Information supplied >>
□ □ □
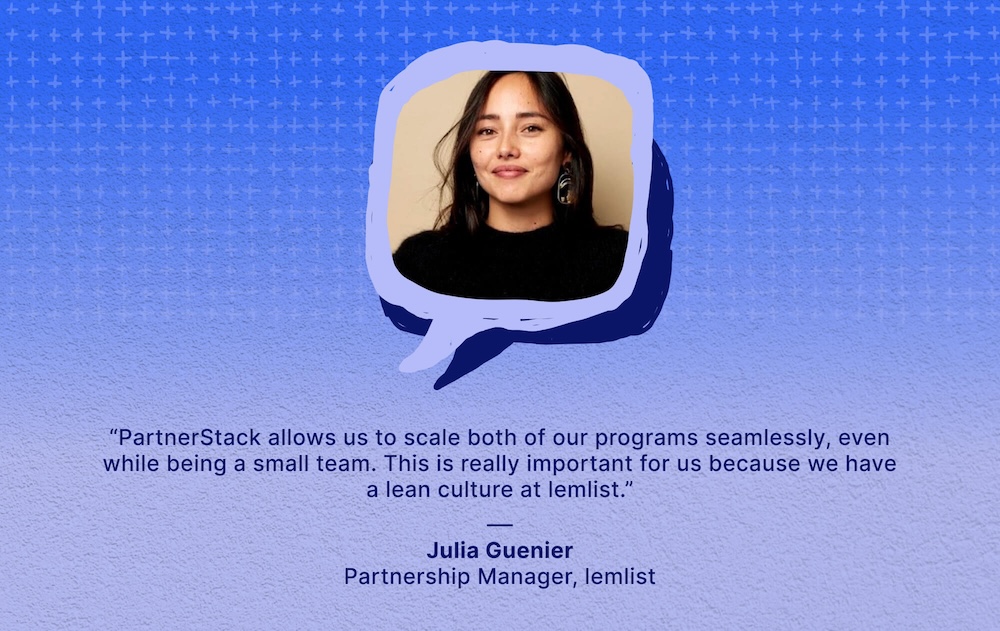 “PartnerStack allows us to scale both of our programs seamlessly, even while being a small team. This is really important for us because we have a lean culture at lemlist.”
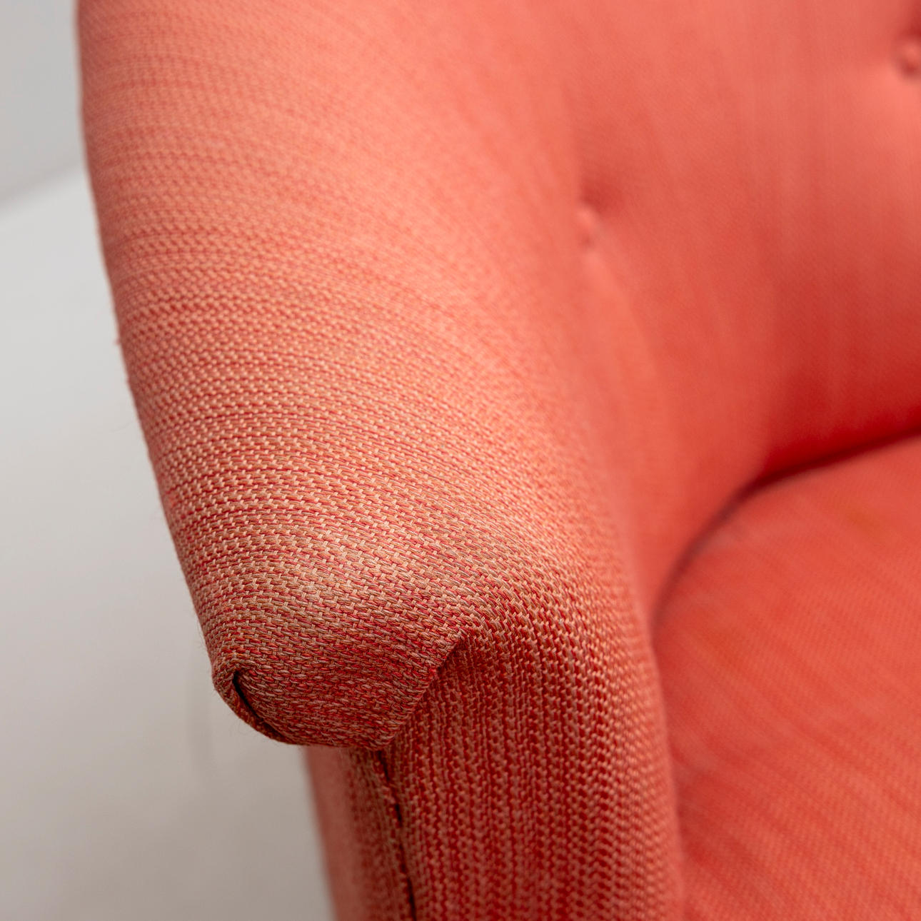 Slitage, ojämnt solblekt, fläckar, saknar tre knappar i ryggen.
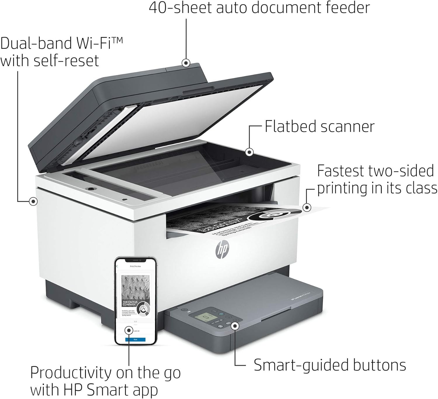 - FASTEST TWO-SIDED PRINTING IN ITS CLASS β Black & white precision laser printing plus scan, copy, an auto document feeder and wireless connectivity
□ □ □
Problem to work on >>
Transcribe the opening line of the listing above, please, and every line after it through the line with "Slitage, ojämnt solblekt, fläckar, saknar", word for word, without pictures.

Solution >>
 “PartnerStack allows us to scale both of our programs seamlessly, even while being a small team. This is really important for us because we have a lean culture at lemlist.”
 Slitage, ojämnt solblekt, fläckar, saknar tre knappar i ryggen.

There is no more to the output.